The cast considered the episode a turning point for the show. As a method actor, Richards insisted on dumping a real bag of cement into the washing machine used on set, so that the proper physical reactions to such a heavy object would be present. Richards stated that at that point, "rather than talking funny, I wanted to do funny." During the first take of the scene, Richards fell through a door and it had to be filmed again. "The Revenge" is also the first episode in which the George and Elaine characters collaborate. Louis-Dreyfus later stated that she and Alexander immediately had "some sort of shorthand with one another comedically, and [she] really relished that."
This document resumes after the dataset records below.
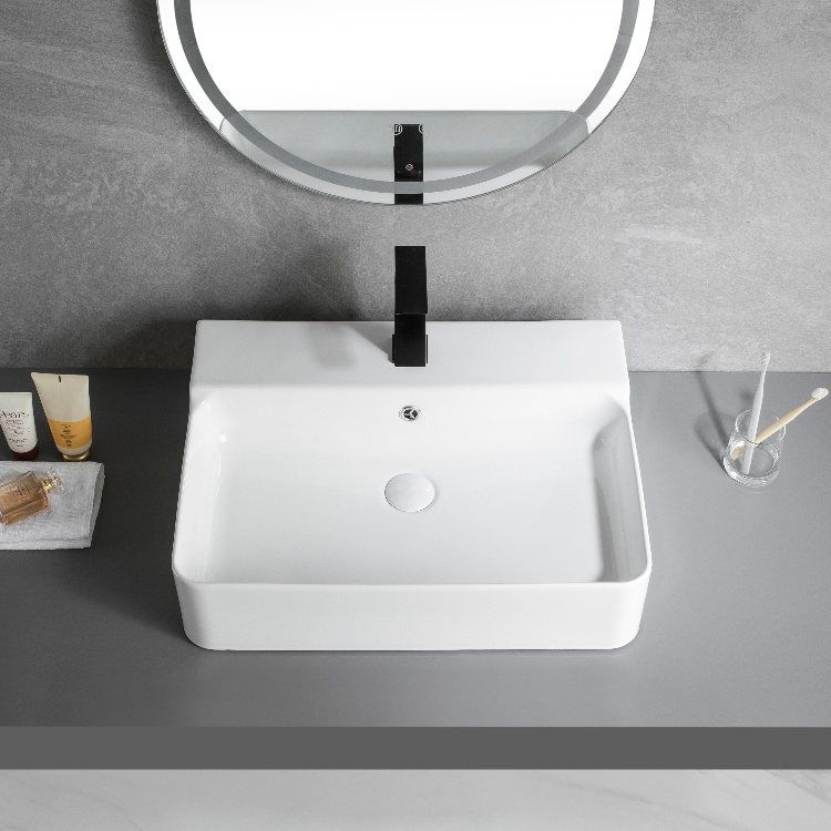 - Diseño montado en la parte superior: Este lavabo de cerámica al por mayor tiene un método único de montaje superior, estable y fiable. Ahorra espacio, cumple con la sensación moderna en el cuarto de baño, y se adapta a varios estilos de decoración.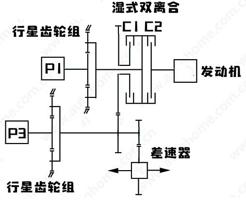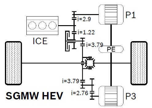 P1+P3+2AT, 双电机串并联混动系统,行星齿轮+离合器。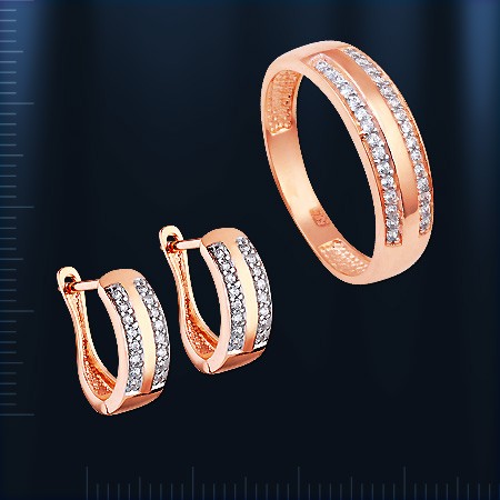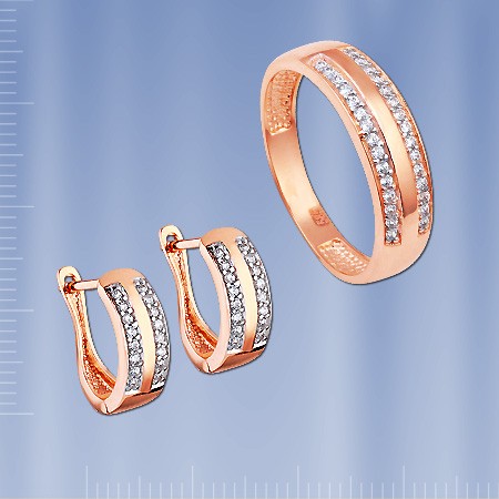 Комплект с фианитами. Красное золото

Although Newman's appearance was ultimately cut from the episode, auditions were held for the role; Tim Russ, who would go on to star in Star Trek: Voyager, auditioned, as did William Thomas, Jr., known for his appearance on The Cosby Show, who was cast in the part. Newman does share a brief dialogue with Kramer at the end of the episode, David recorded the lines, though he was not credited; this would be the first of David's 38 uncredited appearances on the show. The show's writing staff did not intend to have the character return in any later seasons, but because the idea of having actor Wayne Knight as a neighbor appealed to them, they re-cast Knight in the role of Newman in the character's first on-camera appearance in the season 3 episode "The Suicide." Afterwards, Knight re-recorded Newman's lines for the syndicated version of this episode to establish better continuity. Both Knight's and David's dialogue were included on the Seinfeld: Volume 1 DVD boxset. Additionally, Fred Applegate guest-starred as George's boss and John Capodice portrayed Vic, the laundromat owner. Deck McKenzie, who worked as Seinfeld's stand-in, portrayed George's colleague Bill. Teri Austin portrayed Ava, a co-worker of George's; she would appear again later in "The Stranded," which was filmed as part of season two, but aired as part of season three. Patrika Darbo, who played George's co-worker Glenda, would reappear later in the season five episode "The Sniffing Accountant" as a woman Newman flirts with.

==Reception==
First broadcast in the United States on NBC on April 18, 1991, Nielsen Media Research estimated that the episode gained a Nielsen rating of 14.4 and an audience share of 24. This means that 14.4% of American households watched the episode, and that 24% of all televisions in use at the time were tuned into it. Seinfeld was the 15th most-watched program of the week it was broadcast in, and the sixth most-watched program broadcast on NBC.
Entertainment Weekly reviewers Mike Flaherty and Mary Kaye Schilling gave the episode a mixed review and graded it with a C, stating "Although neat for its parallel plotting and George's hilariously clueless career chats with Jerry, 'The Revenge' is not so sweet." IGN critic Andy Patrizio considered "The Revenge" one of his personal favorites of season two. The scene in which Kramer struggles to put cement in one of the washing machines has gained positive responses from critics. Margery Eagan of The Boston Globe cited the scene as a perfect example of Kramer's personality. Neal Justin of the Minneapolis Star-Tribune also considers the scene to be one of the show's "classic moments." Daily News of Los Angeles critic Jody Leader also praised Seinfeld for how he distracted Vic in the scene.